Я часто думала о ней, просматривая старые письма и фотографии, найденные среди вещей матери, и изо всех сил пыталась решить, поделиться ли мне ими с ней или оградить ее от них. Эти фотографии помогли мне почувствовать себя ближе к матери. Я прежде не видела те, которые она унаследовала после смерти Ынми. Было волнительно рассматривать фотографии, отпечатанные на фотобумаге, окрашенной в коричневые тона, запечатлевшие мать в детстве, с короткими волосами и в кроссовках, всех трех сестер детьми, а также бабушку и дедушку, молодых и привлекательных.
Но я задавалась вопросом, вдруг Нами воспримет их совершенно иначе. На несрежиссированной цветной фотографии, сделанной в каком-то банкетном зале, можно было видеть трех сестер, выстроившихся в ряд от старшей до младшей и танцующих конгу[121] с родителями. Все были разодеты как на свадьбу. На заднем плане – элегантные узорчатые обои и шторы в тон. Возглавлял линию мой дедушка в белом галстуке и модном рыжевато-коричневом костюме. Халмони в розовом блейзере держалась за его талию сзади. Нами находилась в центре, ее сняли с закрытыми глазами, она смеялась, держась за бедра матери. Она стояла лицом к камере, не подозревая о ее присутствии, в огромных жемчужных серьгах и ярко-бирюзовом платье. Моя мать шла позади Нами, у нее была пышная завивка и короткая челка, и она выглядела очень стильно в своем черном смокинге. Ынми, последний вагон «паровозика», одета в скромное темно-синее платье в цветочек. Все, кроме Нами, смотрели вперед, к зрителю в профиль. Это была единственная из виденных мной фотографий, на которой халмони улыбается.

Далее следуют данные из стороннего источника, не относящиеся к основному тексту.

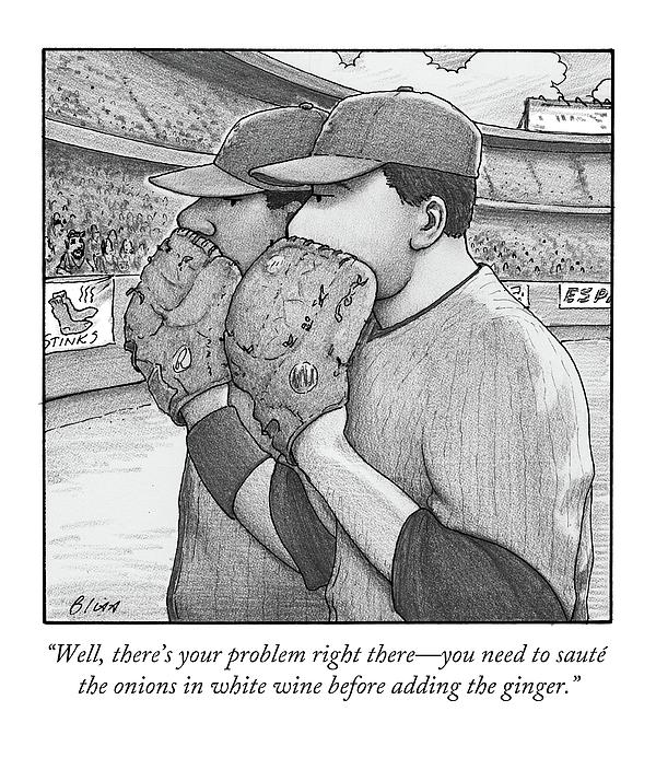 Description: Two baseball players discuss a recipe on the field.

Теперь они все были призраками. Остался только центр. Я попыталась взглянуть на фотографию глазами Нами, представляя, как их тела медленно исчезают из кадра на этапе монтажа, растворяясь, как в фильмах, где персонаж возвращается в прошлое и меняет обстоятельства своего настоящего.
Однажды мама рассказала мне о том, как Нами пошла к гадалке. Та предсказала, что Нами подобна щедро дающему дереву. Ее судьба – давать приют и пищу, стоять твердо, расти высоко и обеспечивать тенью отдыхающего под нею путника, но у ее основания всегда будет лежать топорик, медленно бьющий по ее стволу, постепенно подтачивающий ее силы.

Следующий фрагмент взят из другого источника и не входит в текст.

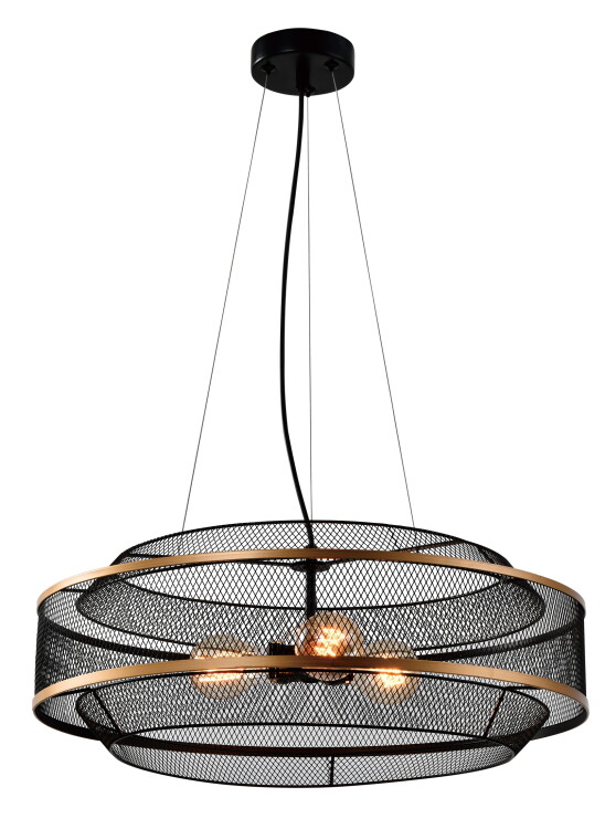 Rivoli Marika - коллекция современных люстр в стиле лофт-кантри. Главная "фишка" - объемный решетчатый абажур из металла. Эффектная мелкая решетка, сочетание матового черного и золотого цветов формируют неповторимый облик светильников Rivoli Marika. Металл имеет стойкое гальваническое покрытие, что защищает светильники потолочные Marika от механических воздействий и выцветания. Металл легкий и прочный. Дизайн создан командой итальянского бренда Rivoli.

Все, о чем я могла сейчас думать, это: «А вдруг я – тот самый топорик?» Нами заслуживала личного пространства, уединения и тихой, спокойной семейной жизни. Мне не хотелось вмешиваться в ее жизнь, но одновременно я сознавала, что она – единственный оставшийся на свете человек, способный понять, что я на самом деле чувствую.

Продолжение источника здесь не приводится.